Files
skybridge/kms/docs/ARCHITECTURE.md
2025-08-26 19:16:41 -04:00

677 lines
22 KiB
Markdown

# API Key Management Service (KMS) - System Architecture
## Table of Contents
1. [System Overview](#system-overview)
2. [Architecture Principles](#architecture-principles)
3. [Component Architecture](#component-architecture)
4. [System Architecture Diagram](#system-architecture-diagram)
5. [Request Flow Pipeline](#request-flow-pipeline)
6. [Authentication Flow](#authentication-flow)
7. [API Design](#api-design)
8. [Technology Stack](#technology-stack)
---
## System Overview
The API Key Management Service (KMS) is a secure, scalable platform for managing API authentication tokens across applications. Built with Go backend and React TypeScript frontend, it provides centralized token lifecycle management with enterprise-grade security features.
### Key Capabilities
- **Multi-Provider Authentication**: Header, JWT, OAuth2, SAML support
- **Dual Token System**: Static HMAC tokens and renewable JWT user tokens
- **Hierarchical Permissions**: Role-based access control with inheritance
- **Enterprise Security**: Rate limiting, brute force protection, audit logging
- **High Availability**: Containerized deployment with load balancing
### Core Features
- **Token Lifecycle Management**: Create, verify, renew, and revoke tokens
- **Application Management**: Multi-tenant application configuration
- **User Session Tracking**: Comprehensive session management
- **Audit Logging**: Complete audit trail of all operations
- **Health Monitoring**: Built-in health checks and metrics
---
## Architecture Principles
### Clean Architecture
The system follows clean architecture principles with clear separation of concerns:
```
┌─────────────────┐
│ Handlers │ ← HTTP request handling
├─────────────────┤
│ Services │ ← Business logic
├─────────────────┤
│ Repositories │ ← Data access
├─────────────────┤
│ Database │ ← Data persistence
└─────────────────┘
```
### Design Principles
- **Dependency Injection**: All services receive dependencies through constructors
- **Interface Segregation**: Repository interfaces enable testing and flexibility
- **Single Responsibility**: Each component has one clear purpose
- **Fail-Safe Defaults**: Security-first configuration with safe fallbacks
- **Immutable Operations**: Database transactions and audit logging
- **Defense in Depth**: Multiple security layers throughout the stack
---
## Component Architecture
### Backend Components (`internal/`)
#### **Handlers Layer** (`internal/handlers/`)
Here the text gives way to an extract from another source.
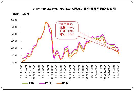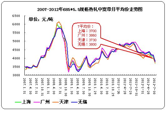 據(jù)中華商務(wù)網(wǎng)監(jiān)測數(shù)據(jù)顯示,2012年7月我國11個主要市場熱軋中寬帶月平均價格3772元/噸,與上月相比跌330元/噸。其中天津、無錫、上海、廣州四個主要市場7月平均價格分別為3730元/噸、3800元/噸、3700元/噸、3860元/噸,分別較上個月跌270元/噸, 380元/噸, 410元/噸和260元/噸。從窄帶和寬帶的跌幅來看,寬帶受熱卷沖擊較大,下跌幅度更多一些,且受電子盤影響較大的上海及無錫華東地區(qū)寬帶下調(diào)更明顯一些。
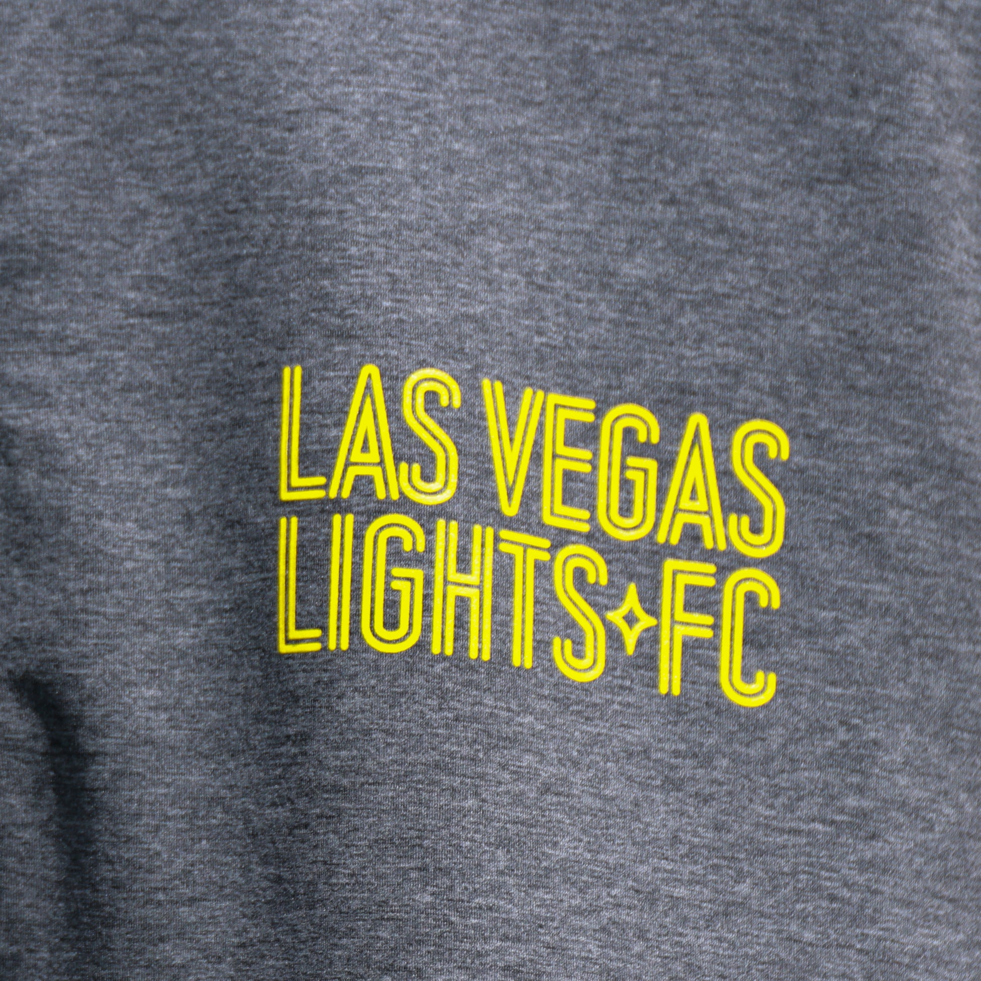 A Gray jacket with a 1/4 zip in between the Light's emblem and "Las Vegas Lights" in bright yellow lettering.

HTTP request processors implementing REST API endpoints:
- **`application.go`**: Application CRUD operations
- Create, read, update, delete applications
- HMAC key management
- Ownership validation
- **`auth.go`**: Authentication workflows
- User login and logout
- Token renewal and validation
- Multi-provider authentication
- **`token.go`**: Token operations
- Static token creation
- Token verification
- Token revocation
- **`health.go`**: System health checks
- Database connectivity
- Cache availability
- Service status
- **`oauth2.go`, `saml.go`**: External authentication providers
- OAuth2 authorization code flow
- SAML assertion validation
- Provider callback handling
#### **Services Layer** (`internal/services/`)
Business logic implementation with transaction management:
- **`auth_service.go`**: Authentication provider orchestration
- Multi-provider authentication
- Session management
- User context creation
- **`token_service.go`**: Token lifecycle management
- Static token generation and validation
- JWT user token management
- Permission assignment
- **`application_service.go`**: Application configuration management
- Application CRUD operations
- Configuration validation
- HMAC key rotation
- **`session_service.go`**: User session tracking
- Session creation and validation
- Session timeout handling
- Cross-provider session management
#### **Repository Layer** (`internal/repository/postgres/`)
Data access with ACID transaction support:
- **`application_repository.go`**: Application persistence
- Secure dynamic query building
- Parameterized queries
- Ownership validation
- **`token_repository.go`**: Static token management
- BCrypt token hashing
- Token lookup and validation
- Permission relationship management
- **`permission_repository.go`**: Permission catalog
- Hierarchical permission structure
- Permission validation
- Bulk permission operations
- **`session_repository.go`**: User session storage
- Session persistence
- Expiration management
- Provider metadata storage
#### **Authentication Providers** (`internal/auth/`)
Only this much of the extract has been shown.